# ASSIGNMENT:
Without including any picture, transcribe the entries below word for word.

(Records contained in a dataset)

※ ※ ※

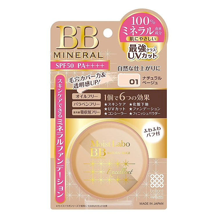 - Phấn Phủ Meishoku Moist-Labo BB Mineral Foundation (6g) với thành phần có nguồn gốc 100% khoáng chất tự nhiên. Sản phẩm giúp ngăn chặn hoàn toàn tia cực tím với SPF50, PA++++.
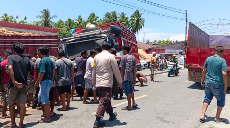 Polisi Evakuasi Truk Muat Kelapa Terguling di Bunta, Banggai
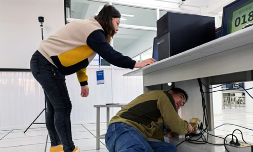 本次考试天博体育 作为考点,信息组的两个机房全部参与,包括前期机房维护准备和模拟测试工作。为了保证机房有足够的计算机能正常考试,信息组的老师们加班加点仔细排查硬件故障,并及时更换键盘,鼠标等,配合海云天科技股份有限公司的技术人员过来安装考试系统,进行模拟测试,上传测试结果。测试通过后,信息组老师们按照要求封考场,等待考生的正式考试。3209机房是全新的云计算机,所有老师都处在摸索阶段,需要大家全程参与才能熟知考试系统操作,确保两个机房全部正常运行。
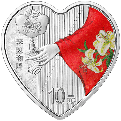30克心形银质“琴瑟和鸣”纪念币背面图案为百合花装饰衣袖、女子手、香囊、瑟等组合图案,并刊“琴瑟和鸣”字样及面额。
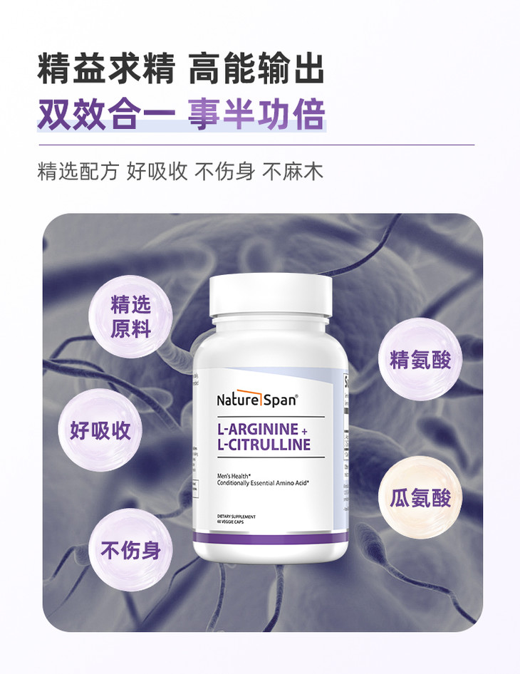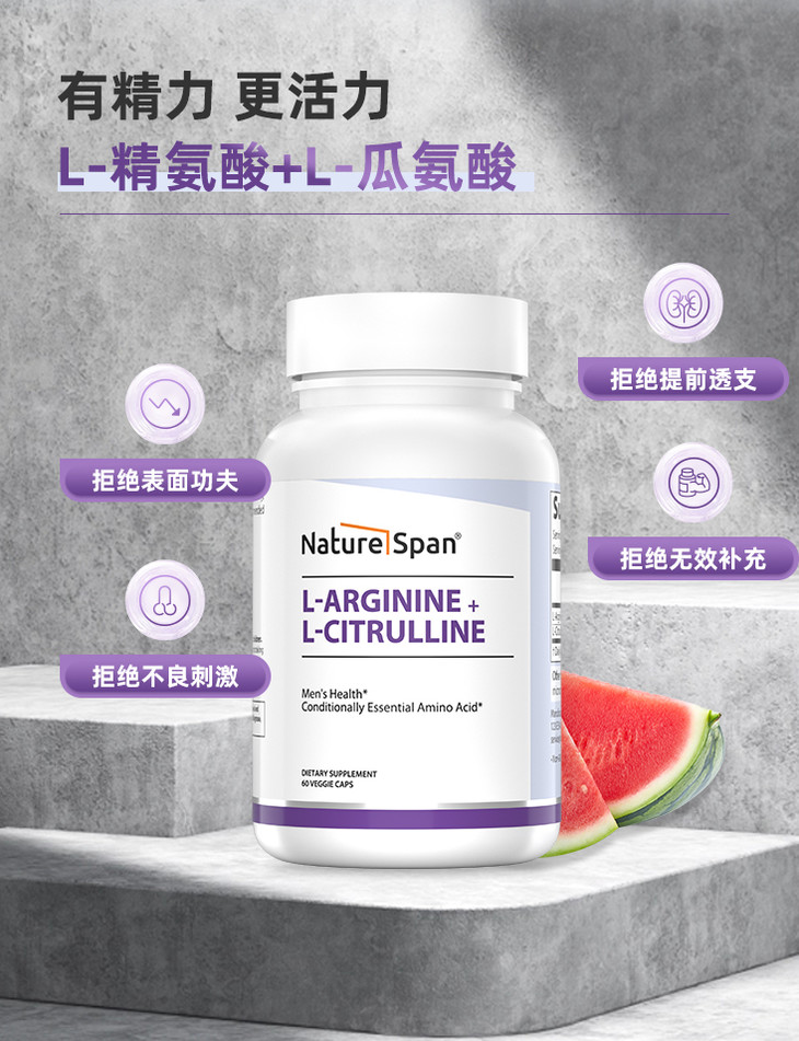左旋精氨酸+瓜氨酸胶囊男士精力支持60粒 NATURESPAN倍能适

※ ※ ※

# SOLUTION FOR THIS TASK:
 - Phấn Phủ Meishoku Moist-Labo BB Mineral Foundation (6g) với thành phần có nguồn gốc 100% khoáng chất tự nhiên. Sản phẩm giúp ngăn chặn hoàn toàn tia cực tím với SPF50, PA++++.
 Polisi Evakuasi Truk Muat Kelapa Terguling di Bunta, Banggai
 本次考试天博体育 作为考点,信息组的两个机房全部参与,包括前期机房维护准备和模拟测试工作。为了保证机房有足够的计算机能正常考试,信息组的老师们加班加点仔细排查硬件故障,并及时更换键盘,鼠标等,配合海云天科技股份有限公司的技术人员过来安装考试系统,进行模拟测试,上传测试结果。测试通过后,信息组老师们按照要求封考场,等待考生的正式考试。3209机房是全新的云计算机,所有老师都处在摸索阶段,需要大家全程参与才能熟知考试系统操作,确保两个机房全部正常运行。
30克心形银质“琴瑟和鸣”纪念币背面图案为百合花装饰衣袖、女子手、香囊、瑟等组合图案,并刊“琴瑟和鸣”字样及面额。
左旋精氨酸+瓜氨酸胶囊男士精力支持60粒 NATURESPAN倍能适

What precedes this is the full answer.